The default setting uses random walks — series where each step nudges up or down from the last, so the line wanders and drifts the way real-world time series do: populations, prices, temperatures, your follower count. Two independent random walks are notorious for looking correlated, because each one tends to spend long stretches drifting in a single direction. When both happen to drift upward over the same window — as trending data so often does — the correlation coefficient lights up, despite there being no link whatsoever.

This is why correlating two time series is one of the most treacherous things you can do with data, and why careful analysts detrend first or model the change rather than the level. The famous galleries of absurd correlations — cheese consumption against bedsheet fatalities, a film star's releases against drowning rates — are funny precisely because every series in them is trending, which all but guarantees a few will line up.

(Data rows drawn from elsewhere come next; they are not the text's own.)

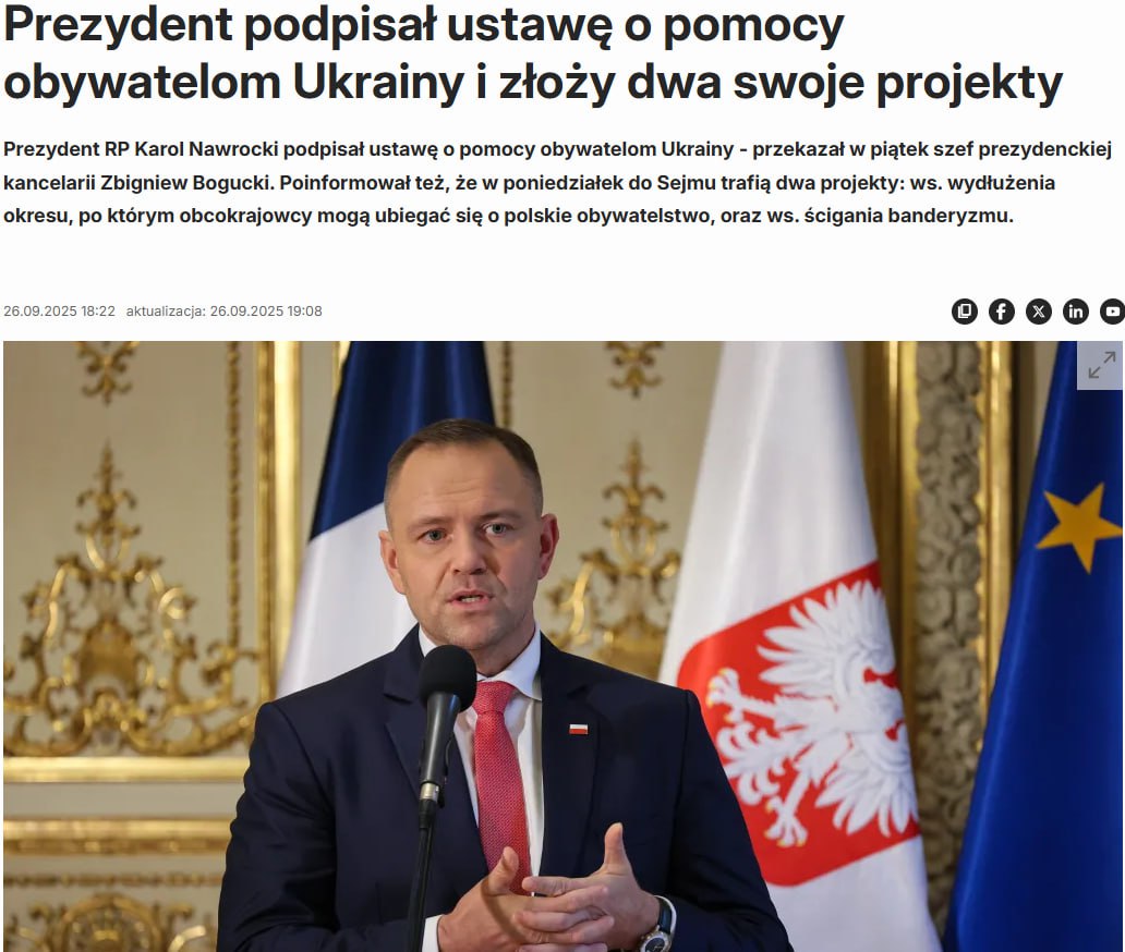 В свою очередь глава канцелярии президента Польши Збигнев Богуцкий заявил, что Навроцкий в последний раз подписал закон о специальной помощи для украинцев.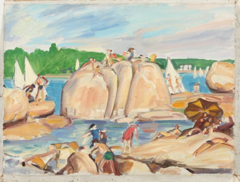 FIGURES ON ROCKY SHORE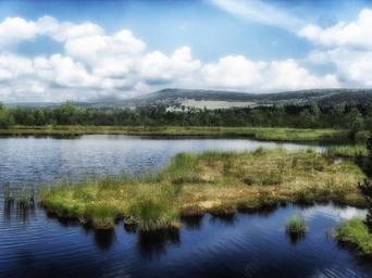 Keywords: czech republic landscape scenic mountains forest trees lake water sky clouds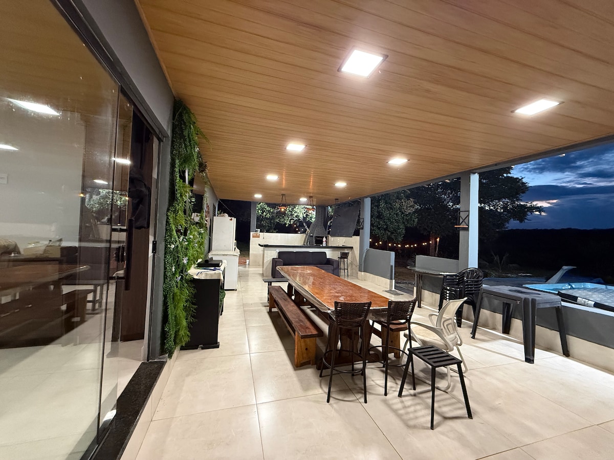 Breiðstræti Chapada dos Guimarães, umkringt gróðri og aðeins 5 km frá þéttbýlinu Cuiabá og 50 km frá borginni Chapada dos Guimarães. Stórt hús með grillsvæði og sundlaug. Kyrrlátur staður og í burtu frá miðborginni, en ekki svo mikið. Hann er í 5 km fjarlægð frá stækkun þéttbýlisins í Cuiaba. Matvöruverslun í 5 km fjarlægð og ofurmarkaðurinn í 6 mílna fjarlægð. allt að 4 gestir, verðið er fast. Þar að ofan skaltu gefa upp upphæðina sem verður reiknuð út. Við LEIGJUM EKKI ÚT FYRIR VEISLUR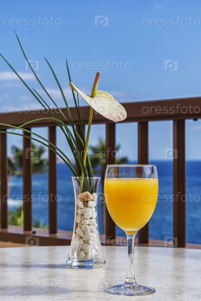 Стакан апельсинового сока и ваза с цветком на фоне моря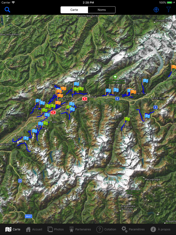 • Recherchez facilement les bisses, les arrêts de transport en commun et les places de stationnement à proximité, facilitant ainsi la logistique de votre exploration.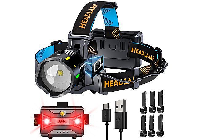 Con un haz de hasta 160.000 lux y 11 modos de iluminación, esta linterna frontal LED recargable XILUO incluye un ángulo ajustable de 125°, sensor de movimiento y zoom de foco. Dispone de batería de larga duración y pantalla LED de carga. La carcasa de aluminio proporciona resistencia y favorece la disipación del calor.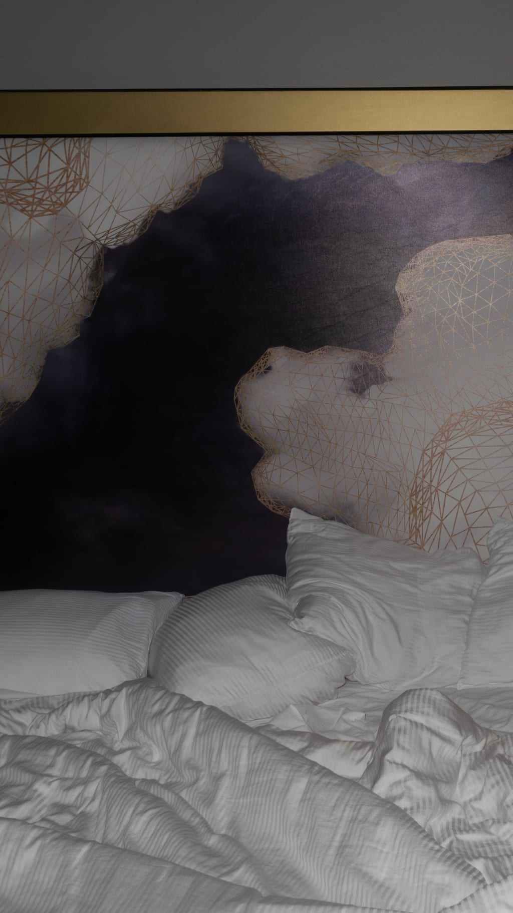 “Oh man...” He strains to roll over. Bringing his numb limbs flat onto the bed. “Shit.” He rubs his temple, blocking the refracting glare of the rising sun. In his squint he pats the bumps under the comforter next to him. “Venus?” His soft voice breaks. He exhales deeply as he peels the sheets back to notice a line of pillows.

Press the machine's Hunt button and it stops drawing one pair at a time and instead rifles through hundreds, keeping the most extreme correlation it stumbles on. Within a second or two it will hand you something near-perfect. That isn't luck — it's arithmetic. Each pair has some modest chance of looking strongly correlated; check enough of them and finding at least one becomes a near-certainty.

Anyone with a large enough pile of variables can therefore “discover” a jaw-dropping correlation and present just that one, with the hundreds of failures politely omitted. The correlation is real in the data; the impression it gives — that something meaningful was found — is the illusion.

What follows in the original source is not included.